The US Supreme Court has upheld the law mandating China-based ByteDance to divest its ownership of TikTok by Sunday, or face an effective ban of the popular video-sharing app in the United States.
The ruling underscores growing national security concerns tied to TikTok’s data collection practices and alleged links to the Chinese government, placing the platform’s 170 million American users at risk of losing access.
The decision supports the Protecting Americans from Foreign Adversary Controlled Applications Act, signed into law by President Joe Biden in April 2024.
The court’s unanimous opinion stressed that TikTok’s massive data collection and susceptibility to foreign influence pose significant threats to US security.
Justice Sonia Sotomayor and Justice Neil Gorsuch added separate concurring opinions.
TikTok’s uncertain future in the US
ByteDance has resisted divestment, leaving the app’s fate uncertain. While TikTok may remain functional on devices where it is already installed, the company has threatened a complete shutdown of the platform if forced to sell.
The court’s ruling also pressures third-party service providers, including Apple and Google, to remove TikTok from app stores after the January 19 deadline. Failure to comply could result in penalties for these tech giants.
White House press secretary Karine Jean-Pierre reaffirmed the administration’s stance, emphasizing that TikTok could remain available under US ownership or an arrangement that resolves security concerns.
“Implementation of this law will transition to the next administration, which takes office Monday,” Jean-Pierre stated.
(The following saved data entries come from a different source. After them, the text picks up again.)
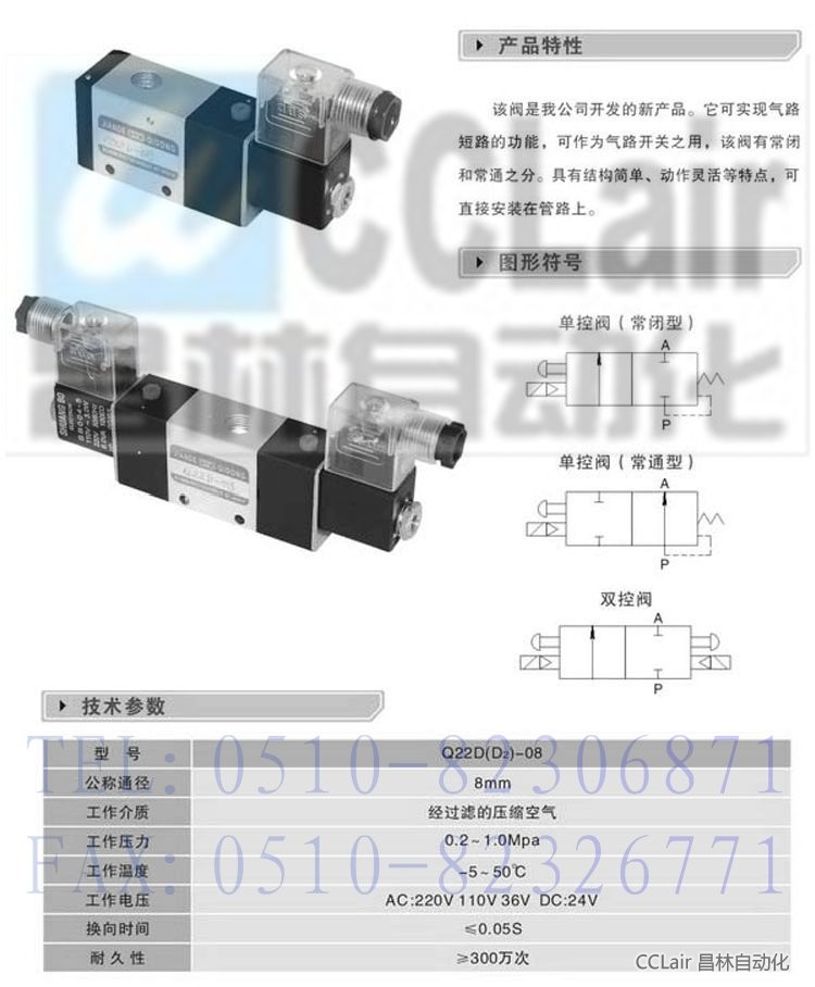 產(chǎn)品: 瀏覽次數(shù):996Q22D2-08,二位二通電磁換向閥
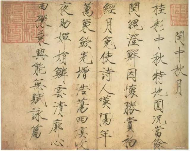 ▲宋徽宗《闰中秋月诗帖》,楷书,纸本,后期风格,北京故宫博物院藏。
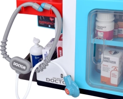 Dette interaktive sæt forvandler børneværelset til en lille klinik, ambulance og apotek. Børn kan undersøge patienter, måle temperatur, “ordinere medicin” og øve betaling ved kassen. Realistiske lyde og en overskuelig station med skabe øger autenticiteten og gør legen engagerende.
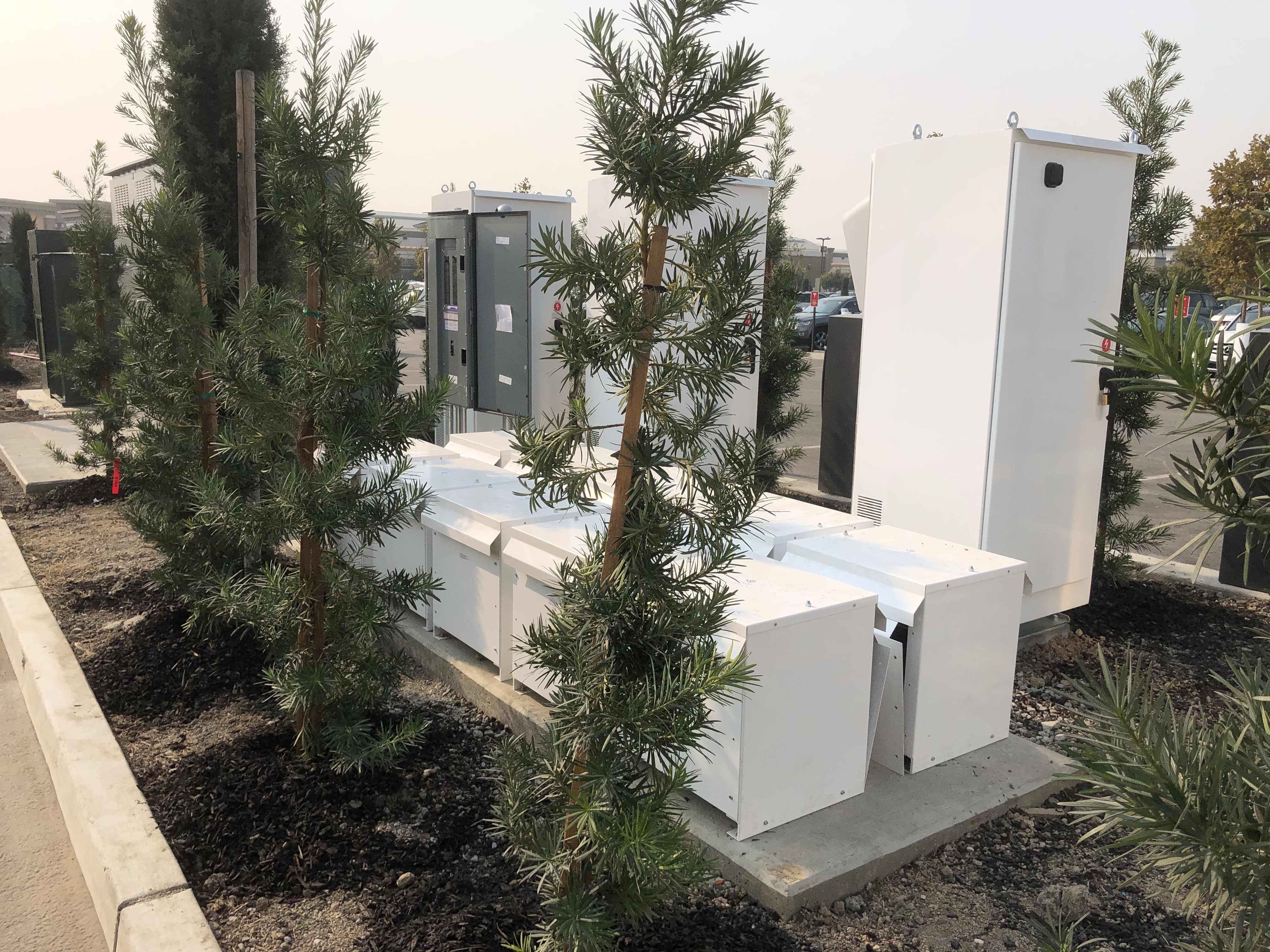 ‘IMG_9179’ Published November 13, 2018 at 4032 × 3024 in Tesla, Electrify America adjacent DC charging sites near completion in Livermore Voltage buck transformers for each charger cabinet ‹ Back

National security vs. free expression
The ruling has sparked intense debate about national security and free speech.
US Solicitor General Elizabeth Prelogar defended the law, citing TikTok’s ties to ByteDance and potential influence from the Chinese Communist Party.
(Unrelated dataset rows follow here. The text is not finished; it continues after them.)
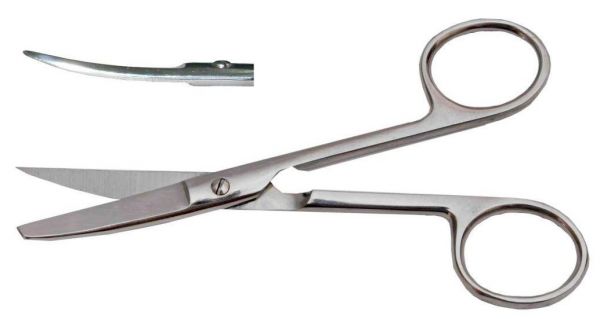 Ножницы с одним острым концом, изогнутые, 140 мм. Для разрезания мягких тканей, главным образом тогда, когда для разреза, вначале надо проколоть ткань.
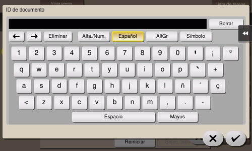 Introduzca el [ID de documento] para el documento de impresión segura y, a continuación, toque [Aceptar].
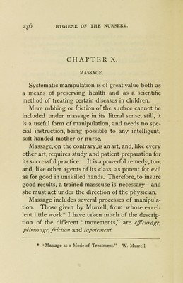 Hygiene of the nursery : including the general regimen and feeding of infants and children; massage, and the domestic management of the ordinary emergencies of early life / by Louis Starr.
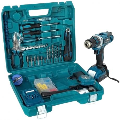 Набор аккумуляторных инструментов 4 в 1 в кейсе Болгарка + Шуруповерт +Гайковерт+перфоратор DOMOTEC
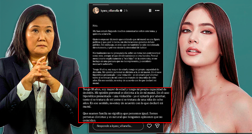 Kyara Villanella, hija mayor de Keiko Fujimori, expresó públicamente su desacuerdo con las recientes declaraciones de su madre sobre el aborto en casos de violación. A través de un mensaje difundido en su cuenta de Instagram, sostuvo que su opinión es distinta y que decidió pronunciarse luego de haber sido aludida directamente en una entrevista televisiva.

On the other hand, TikTok’s lead attorney Noel Francisco argued the act infringes on the First Amendment rights of millions of users who rely on the app for creative expression, news, and business promotion.
Kate Ruane, director of the Center for Democracy and Technology, criticized the decision.
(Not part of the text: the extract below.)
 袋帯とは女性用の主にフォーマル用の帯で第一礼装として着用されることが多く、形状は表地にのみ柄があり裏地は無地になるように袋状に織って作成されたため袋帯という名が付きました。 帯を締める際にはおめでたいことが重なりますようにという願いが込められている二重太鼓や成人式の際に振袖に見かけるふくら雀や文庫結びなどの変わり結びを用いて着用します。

“This ruling undermines the free expression of TikTok users in the US and worldwide,” Ruane was quoted as saying by CNBC, noting that the platform has become a vital tool for sharing information and fostering creativity.
As the deadline looms, TikTok creators are urging followers to migrate to platforms like YouTube, Facebook, and Instagram.
A CNBC report revealed that Instagram leadership has been preparing for a potential influx of users.
Meanwhile, TikTok-lookalike app RedNote has surged to the top of Apple’s App Store, indicating growing interest in alternatives.
ByteDance’s refusal to sell leaves room for speculation about potential buyers, including Elon Musk, as Bloomberg reported that the Chinese government is considering contingencies to retain TikTok’s US operations.
Analysts estimate TikTok’s US assets could fetch $40 billion to $50 billion if sold.
With the clock ticking, all eyes are on ByteDance and the incoming Trump administration to determine TikTok’s fate in America.